To solve this problem, we need to apply the principle of conservation of momentum, which states that the total momentum of a closed system remains constant if no external forces act on it. In this case, we have an isolated particle that explodes into two fragments, and we can analyze their motion based on the information provided.
Understanding the Situation
Initially, the particle of mass \( m \) is moving along the x-axis. When it explodes, it breaks into two fragments: one with mass \( \frac{m}{4} \) and the other with mass \( \frac{3m}{4} \). Since the explosion occurs in a horizontal plane, we can assume that the initial momentum of the system is entirely in the x-direction.
Applying Conservation of Momentum
Before the explosion, the momentum of the particle can be expressed as:
- Initial momentum, \( p_{\text{initial}} = mv \) (where \( v \) is the initial velocity along the x-axis).
After the explosion, the momentum of the two fragments can be expressed as:
- Momentum of the smaller fragment (mass \( \frac{m}{4} \)): \( p_1 = \frac{m}{4} v_1 \)

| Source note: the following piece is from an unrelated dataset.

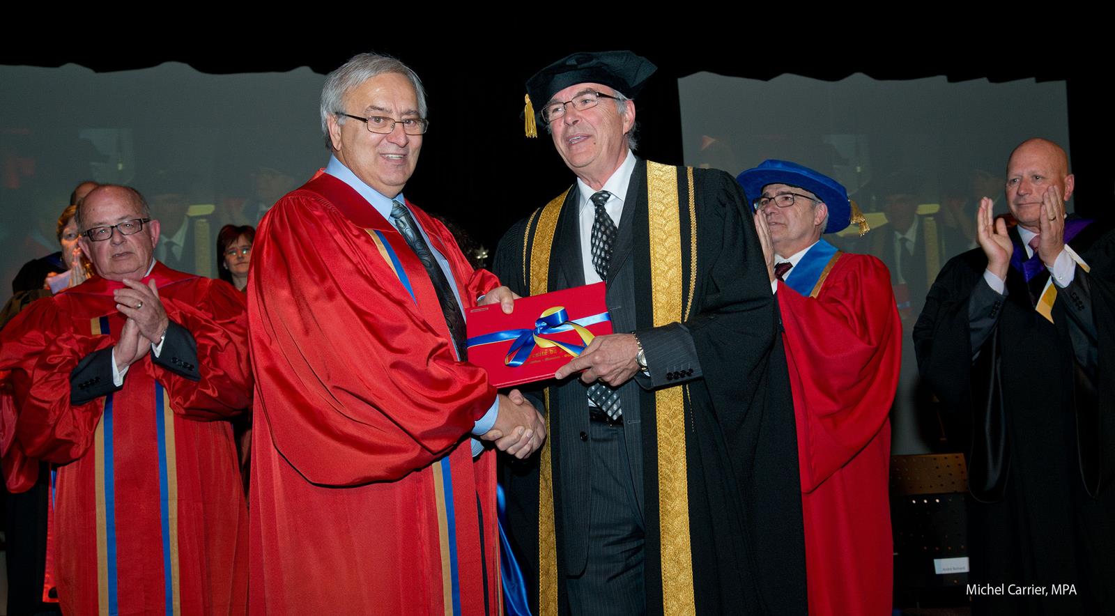 Jean-Guy Poitras, à gauche, a été élevé au rang de professeur émérite en éducation lors de la collation des diplômes au campud d'Edmundston. Dans la photo, il est félicité par le chancelier, Jean-Claude Savoie.Retourner aux nouvelles

- Momentum of the larger fragment (mass \( \frac{3m}{4} \)): \( p_2 = \frac{3m}{4} v_2 \)
According to the conservation of momentum:
Initial momentum = Final momentum
Thus, we have:
mv = \( \frac{m}{4} v_1 + \frac{3m}{4} v_2 \)
Analyzing the Fragments' Positions
We know that the smaller fragment is at \( y = +15 \) cm after the explosion. Since the explosion occurs in a horizontal plane, the vertical position of the larger fragment must be determined based on the conservation of momentum in the x-direction. Since there are no external forces acting in the y-direction, the total vertical momentum before and after the explosion must also be zero.
Finding the Larger Fragment's Position
Let’s denote the vertical position of the larger fragment as \( y_2 \). Since the total vertical momentum before the explosion was zero (the original particle was moving horizontally), the sum of the vertical components of the momentum after the explosion must also equal zero:
\( \frac{m}{4} v_{1y} + \frac{3m}{4} v_{2y} = 0 \)
Given that the smaller fragment is at \( y = +15 \) cm, we can assume it has a vertical velocity component \( v_{1y} \) that is positive. For the momentum to balance, the larger fragment must have a vertical velocity component \( v_{2y} \) that is negative. Thus, we can express the relationship as:
\( \frac{m}{4} v_{1y} = -\frac{3m}{4} v_{2y} \)
Conclusion on the Larger Fragment's Position
Since the smaller fragment is at \( y = +15 \) cm, and the larger fragment must have a negative vertical position to balance the momentum, we can conclude that the larger fragment is at:
\( y_2 = -\frac{3}{4} \cdot 15 \text{ cm} = -11.25 \text{ cm} \)
Therefore, the larger fragment is at \( y = -11.25 \) cm. This negative value indicates that it is below the original height of the particle before the explosion.